Re: [dm-devel] [PATCH 7/7] dm-mpath: Fix a race condition in __multipath_map()

2016-11-22 Thread Mike Snitzer
On Tue, Nov 22 2016 at  6:47pm -0500,
Bart Van Assche  wrote:

> On 11/21/2016 04:34 PM, Mike Snitzer wrote:
> >But you WARN_ON_ONCE(clone && q->mq_ops) will trigger with sq-on-mq.
> 
> Hello Mike,
> 
> This behavior is indeed triggered by the sq-on-mq test. After having
> added the following code in __bind():
> 
>   if (old_map &&
>   dm_table_all_blk_mq_devices(old_map) !=
>   dm_table_all_blk_mq_devices(t))
>   pr_debug("%s: old all_blk_mq %d <> new all_blk_mq %d\n",
>dm_device_name(md),
>dm_table_all_blk_mq_devices(old_map),
>dm_table_all_blk_mq_devices(t));
> 
> I see the following output appear frequently in the kernel log:
> 
> dm_mod:__bind: 254:0: old all_blk_mq 1 <> new all_blk_mq 0
> 
> Could these all_blk_mq state changes explain that WARN_ON_ONCE(clone
> && q->mq_ops) is triggered in __multipath_map()?

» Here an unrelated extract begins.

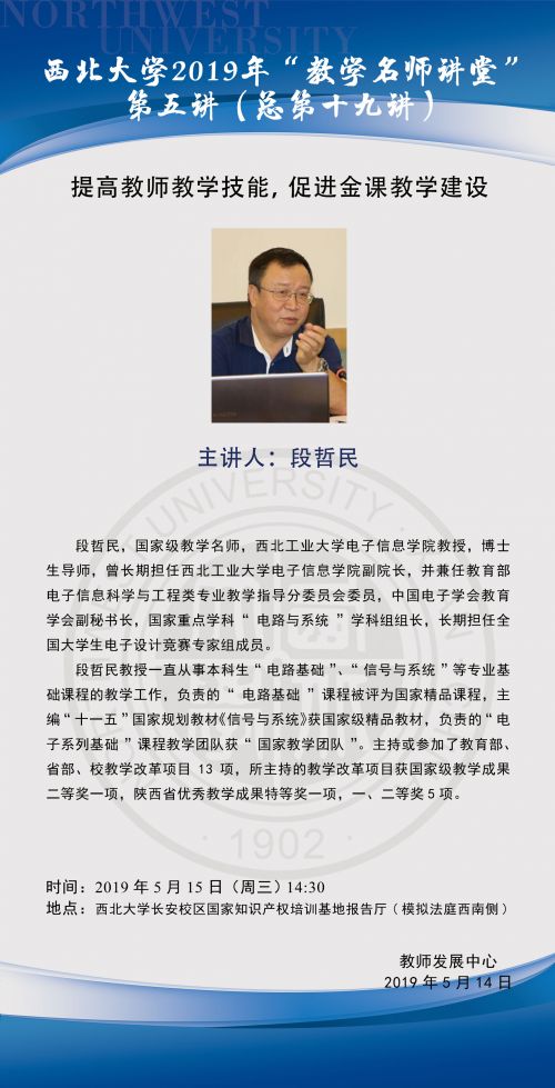2019年教学名师讲堂第五讲 - 提高教师教学技能,促进金课教学建设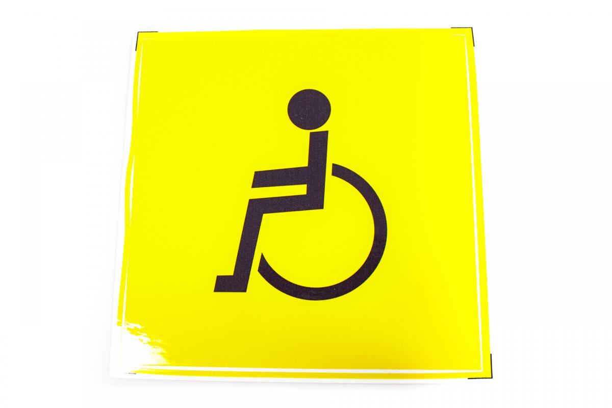 Наклейка на стекло автомобиля самоклеющаяся наружная. Знак "Инвалид". Размеры: 150x150мм

Does this mean that
> the comment in patch http://marc.info/?l=dm-devel=147925314306752
> is correct?

Yes, looks like you're on to something.  dm_old_prep_tio() has:

/*
 * Must clone a request if this .request_fn DM device
 * is stacked on .request_fn device(s).
 */
if (!dm_table_all_blk_mq_devices(table)) { ...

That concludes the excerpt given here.